Meanwhile the three collections cited for smithii are from Florida and southeastern Michigan (which is farther north than the Ohio collections); this apparently justifies stating the mushroom has "often been encountered in the United States west and south of the Appalachian Mountains (east of the Great Plains)." Three collections do not constitute "often," and confidently stating a range for either smithii or borealis on the basis of seven collections, one of which is aberrant, would result in a hasty, sustained objection on Law and Order for "assuming facts not in evidence."
Spore Size
One needs to have compared a lot of spores from a lot of collections before declaring differences. The Davoodian paper (2020) decides that smithii and borealis can be separated on spore dimensions after examining seven collections. Spores of smithii measure "6–10 x 4–5 µm," while borealis spores are "(8.0–)8.8–11(–12) x 4.8–5.6(–6.4) µm." The parentheticals in the borealis numbers are meant to represent "outliers," according to the Materials & Methods section of the paper. With these measurements the authors conclude that "G. smithii . . . has smaller and less elongated spores than G. borealis." But take a look at this:

Spores here, in one of my collections from the castaneus group, range from 5.5 x 4 µm to 11.5 x 6 µm, and this variability is present in many of the 14 North American collections in my herbarium. Which species would you assign to this collection, based on the measurements? The length and width span the entire stated range for both species, including the supposed outliers.

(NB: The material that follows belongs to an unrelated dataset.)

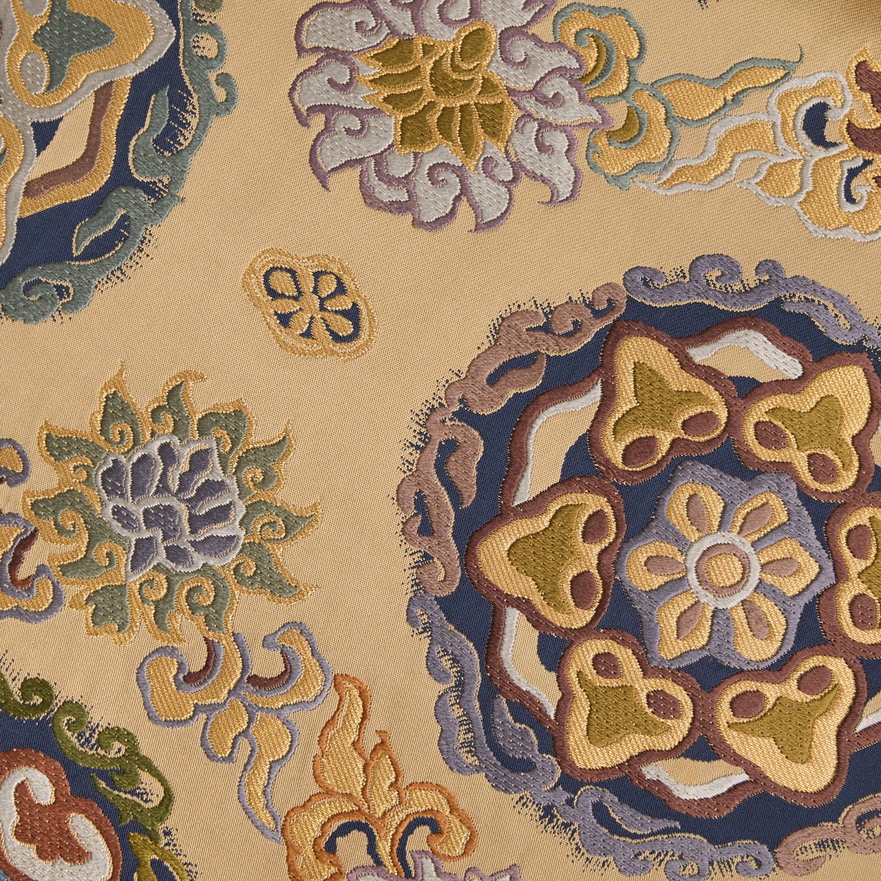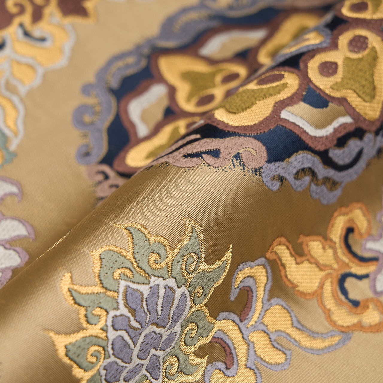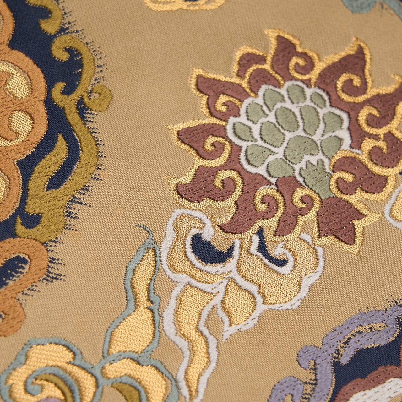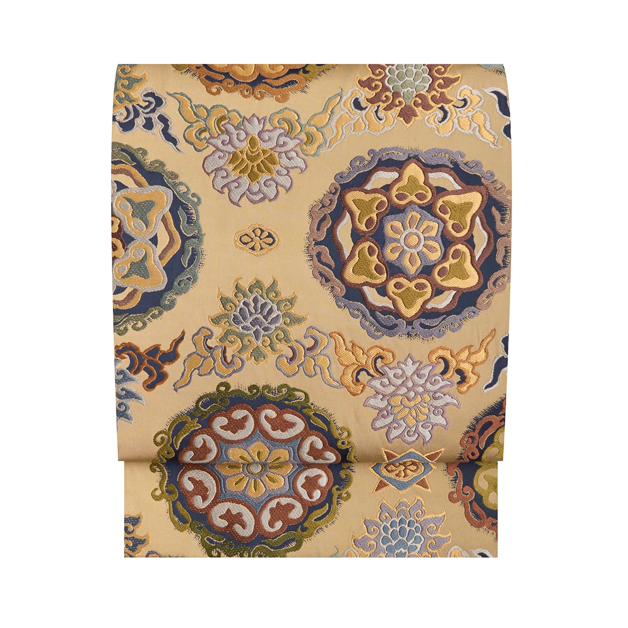 その格調高さのある宝相華文様が、黒を含めたメリハリのあるような色使いで織り出され、くっきりとした存在感のある帯となっています。

This mistake, stating microscopic differences with confidence on the basis of insufficient data, is one I have made several times over the years—perhaps most egregiously when I named a morel Morchella capitata due to the microscopic "capitate elements on the sterile ridges" (Kuo et al. 2012) after examining a single holotype specimen. So I hope it is clear I do not intend to be righteous in these criticisms; I just want to establish with evidence and documentation that Gyroporus borealis and smithii, if you believe they qualify as distinct phylogenetic species, cannot actually be reliably separated with spore measurements—or with colors or distribution.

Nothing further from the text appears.